小野猪点了点头。真点了头,不是那种低下去拱土的动作,是上下点的,像人在点头一样。点完它自己也愣了一下,然后又点了一下,觉得挺好玩。
李二牛把手从地上抬起来,这回轻松了,手掌离开土面的一瞬间,那些声音像关了水龙头一样戛然而止。但残留的感知还在——他站起来,走到三米外的一棵小构树旁边,不用手摸,光站在那就能感觉到这棵树缺水了。树干的表皮比正常干燥,叶片边缘卷曲,根部土壤的水分含量只有正常值的一半。他蹲下来,从兜里掏出一个矿泉水瓶,把剩下的水倒在树根上,水流下去的瞬间,他感觉到树“吸”了一下,像人渴极了喝到水时喉咙里的吞咽动作。
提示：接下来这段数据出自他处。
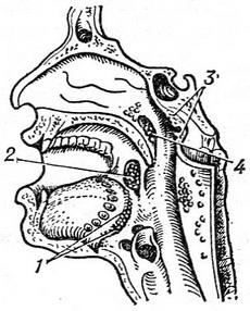 ![]() Глотковий лімфаденоїдного кільця Пірогова - Вальдейера: 1 - мовний мигдалина; 2 - піднебінна мигдалина; 3 - носоглоткова (глоткова) мигдалина; 4 - скупчення лимфаденоидной тканини у глоткових гирла слухової труби. |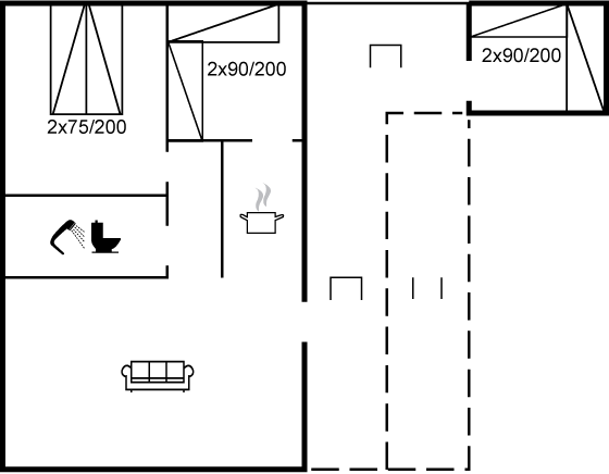 - Husareal er 50 m2

他又走了几步,蹲下来看一株野生的半夏。这株半夏的叶子发黄了,不是缺水的黄,是缺氮的黄,叶脉绿叶子黄,典型的症状。他把手按在旁边的土里,玄黄气丝缕渗入,叶子上的黄色肉眼可见地淡了一点。
李二牛站起来,站在山坡上,慢慢地转过身,目光扫过整片灵土坡。十米之内,三十六株药材、十二棵杂树、四十三株野草,他全“知道”了——它们的状态、需求、甚至情绪。那种感觉很奇妙,像是跟这片土地连成了一体,脚下的泥土不再是他站在上面的东西,而是他身体延伸出去的一部分。
小野猪在他脚边打了个滚,翻着肚皮晒太阳,嘴里发出舒服的哼哼声。李二牛的脑海里又传来它的意思——好……舒服……你的……气……
“你也能感觉到?”李二牛蹲下来挠了挠小野猪的肚皮,它四腿朝天扭来扭去,肚皮上的毛又软又密,挠起来手感很好。
小野猪嗯了一声,闭着眼,舌头从嘴角耷拉出来一截。
苏晚晴在实验室里盯着电脑屏幕,眼睛瞪得老大。
屏幕上是土壤活性检测的数据曲线,这几天一直在慢慢往上走,但今天下午突然像发了疯一样,曲线直接从六十度角往上蹿,几乎成了一条垂直线。她刷新了一下页面,新数据又传过来了,活性值又高了百分之十二。再刷新,又高了百分之八。数据跳动的频率和幅度像是心电图,一下一下的,有节奏地往上攀升。
“这不对。”她自言自语,拿起手机拨了李二牛的号。
电话响了五六声才接,那边的声音有点喘,“喂?”
“你在山上干什么了?”苏晚晴的语气像是在审犯人。
“没干什么,就在灵土坡这蹲着。”
“土壤活性数据突然飙升,从下午三点开始,活性值已经翻了两倍。你是不是又用了那个……那个东西?”她没说出“神农瞳”三个字,电话里不方便说。
李二牛沉默了两秒,“可能吧。我感觉自己的能力要升级了。”
苏晚晴握着手机的手紧了一下,“什么能力?”
“说不清楚。”李二牛的声音听起来有点疲惫,但带着一种说不清的兴奋,“就像是能感觉到周围所有的植物——它们在干什么,缺什么,哪里不舒服。十米之内,每一棵草我都知道。”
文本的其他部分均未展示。